The reverb intensity indicates the degree of reverberation, and is a feature amount that can be understood as a length of a sound echo. For example, when hands are clapped in a futon, there is no echo and only a sound of a handclap is heard, so that the sound has a weak reverb intensity. On the other hand, when hands are clapped in a space such as a church, an echo remains together with a plurality of reflected sounds, and thus, a sound with a high reverb intensity is generated.

As a calculation method of the reverb intensity, for example, as illustrated in FIG. 9, a time until a sound pressure reaching a maximum sound pressure reaches a small threshold th41 or less for a certain sound can be set as the reverb intensity. Note that, in FIG. 9, the horizontal axis represents time, and the vertical axis represents the sound pressure.

For example, a time until the sound pressure of the audio data decreases by 60 dB from the maximum sound pressure may be set as the reverb intensity. Furthermore, not only the calculation in a time domain but also sound pressure calculation in a frequency domain may be performed, and a reduction time to the threshold th41 of the sound pressure in a predetermined frequency range may be set as the reverb intensity.

The audio data may be processed to calculate a reasonable volume. Furthermore, the threshold th41 may be a value relatively determined from a value obtained from the audio data as a target for which the reverb intensity is calculated, or may be an absolute value determined in advance. The unit of the feature amount of the reverb intensity is not necessarily time, and may be the number of samples or the number of frames. Furthermore, the threshold th41 may be individually or dynamically set according to initial reflection, a late reverberation sound, and a reproduction environment.

(Sound Pressure)

The sound pressure is a feature amount that can be understood as the magnitude of a sound. The sound pressure represented as the object feature amount may be a maximum sound pressure value or a minimum sound pressure value in the audio data. Furthermore, a target for which the sound pressure is calculated may be set for each predetermined number of seconds, or the sound pressure may be calculated for each phrase, for each sound, or for each range that can be divided from a musical viewpoint.

For example, the sound pressure can be calculated by using Formula (1) for audio data in a predetermined section.

As a specific example, for example, the object feature amount calculation unit 62 first calculates a sound pressure in a processing section while shifting the processing section of a predetermined length from the head of the audio data by a predetermined time. The object feature amount calculation unit 62 calculates the sound pressures in all the sections of the audio data, and sets a maximum sound pressure among all the sound pressures as the feature amount (object feature amount) of the sound pressure.

(Time Occupancy Rate)

The time occupancy rate is a ratio of a sound generation time to a sound source time. For example, singing (generating sounds) for a long time through music, such as a vocal, has a high time occupancy rate.
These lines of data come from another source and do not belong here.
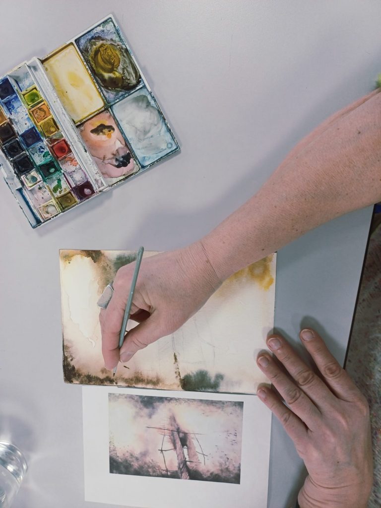 Vendredi 6 mars 2026, Michel Minon nous a accompagné dans la réalisation d’aquarelles monochromes en utilisant godets, tubes et encres aquarelle. Chacun s’est aventuré à sa manière et avec sa personnalité dans cet exercice.
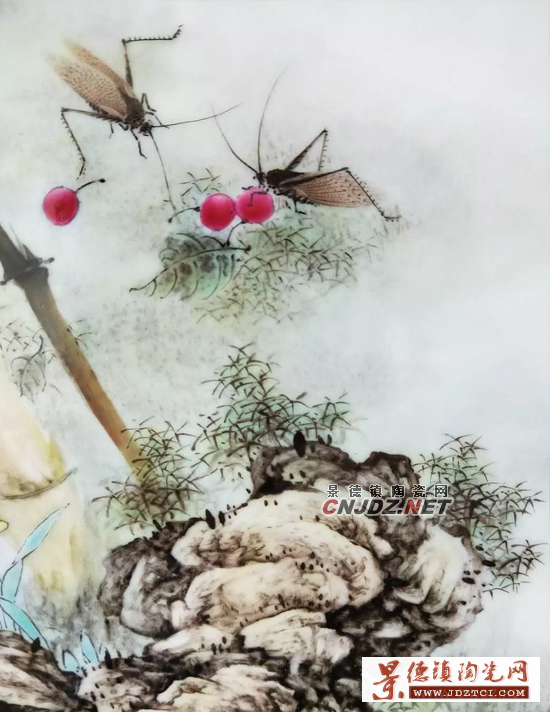 景德鎮(zhèn)的瓷繪種類無非山水、人物、翎毛(含動物和花鳥),畫花鳥者眾多,而善工兼寫者少,蔡昌鑒在其中,已經(jīng)算得上是佼佼者。他的花鳥瓷畫,無論是巨幅瓷板,還是小件瓷瓶都會帶有較明顯的“蔡氏”風格。從最初的重工粉彩,到之后的工筆粉彩,再到如今的工兼寫,風格的漸變間卻始終保有著構(gòu)圖的精巧,筆意的流暢和色彩的和諧,他用心所造的花鳥瓷畫世界可謂活色生香,已臻化境。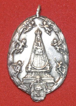 Medalla religiosa de Nuestra Señora de Begoña (Bilbao) y Basílica de Nuestra Señora de Begoña Medidas Aproximadas: 20 mm x 13 mm #131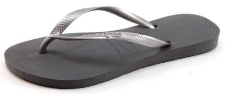 Grijze slipper Slim met een licht oplopend voetbed van het slippermerk Havaianas. Stoute Schoenen heeft elk seizoen een uitgebreide collectie slippers van Havaianas. Koop jouw Havaianas slippers online bij Stoute Schoenen ©.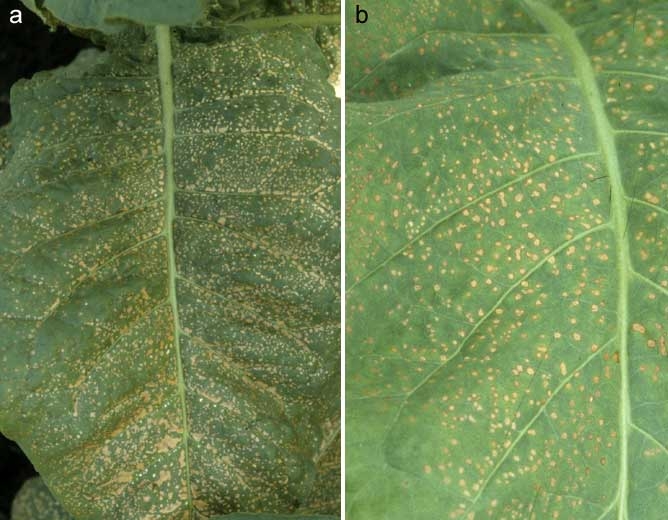 Observam-se muitas bandas de tecido verde escuro ao longo das veias (bandas das veias) (figura 2), pequenas manchas brancas a castanhas também podem ser observadas na superfície superior das folhas mais jovens, são bastante semelhantes às causadas por "manchas climáticas". (Figura 3).

On the other hand, a percussion instrument or the like that generates only one sound in music has a low time occupancy rate.

As a calculation method of the time occupancy rate, for example, as illustrated in FIG. 10, the calculation is possible by dividing a sound generation time by a sound source time.

In FIG. 10, a section T11 to a section T13 indicate sonic sections for a predetermined object, and a time occupancy rate can be obtained by dividing a length (time) of a section T21, obtained by adding these sections T11 to T13, by a length of time of the entire audio data.

Note that the time occupancy rate may be calculated by considering even a sound generation time in which a sound is interrupted for a short period of time as a section in which the sound is also generated during the short period of time and using the short period of time during which the sound is interrupted as a time related to performance.

As a specific example, for example, the object feature amount calculation unit 62 first calculates a length of a site where a sound is generated from the audio data, that is, each of sections including sounds of objects. Then, the object feature amount calculation unit 62 calculates a sum of times of the respective sections obtained by the calculation as a sonic time, and calculates the feature amount (object feature amount) of the time occupancy rate of the object by dividing the sonic time by a total time of music.

(Tempo)

The tempo is a feature amount of a speed of music. In general, the number of beats present per minute is defined as the tempo.

As a calculation method of the tempo, it is common to calculate autocorrelation and convert a value of a delay amount having a high correlation. Note that the value of the delay amount or a reciprocal of the delay amount may be directly used as the feature amount of the tempo without being converted into the number of beats per minute.

As a specific example, for example, the object feature amount calculation unit 62 first uses audio data of a rhythm instrument as a target. Note that whether or not an instrument is the rhythm instrument may be determined using a known determination algorithm or may be acquired from an instrument type (category information) of the object category.

The object feature amount calculation unit 62 cuts out a section with a sound for a predetermined number of seconds from the audio data of the rhythm instrument to obtain an envelope. Then, the object feature amount calculation unit 62 performs autocorrelation with respect to the envelope, and sets a reciprocal of a delay amount having a high correlation as the feature amount (object feature amount) of the tempo.

(Lead Index)

The Lead index is a feature amount indicating relative importance of an object in music. For example, an object of a main vocal or a main accompaniment instrument that plays a main melody has a high Lead index, and an object that plays a role of harmony for the main melody has a low Lead index.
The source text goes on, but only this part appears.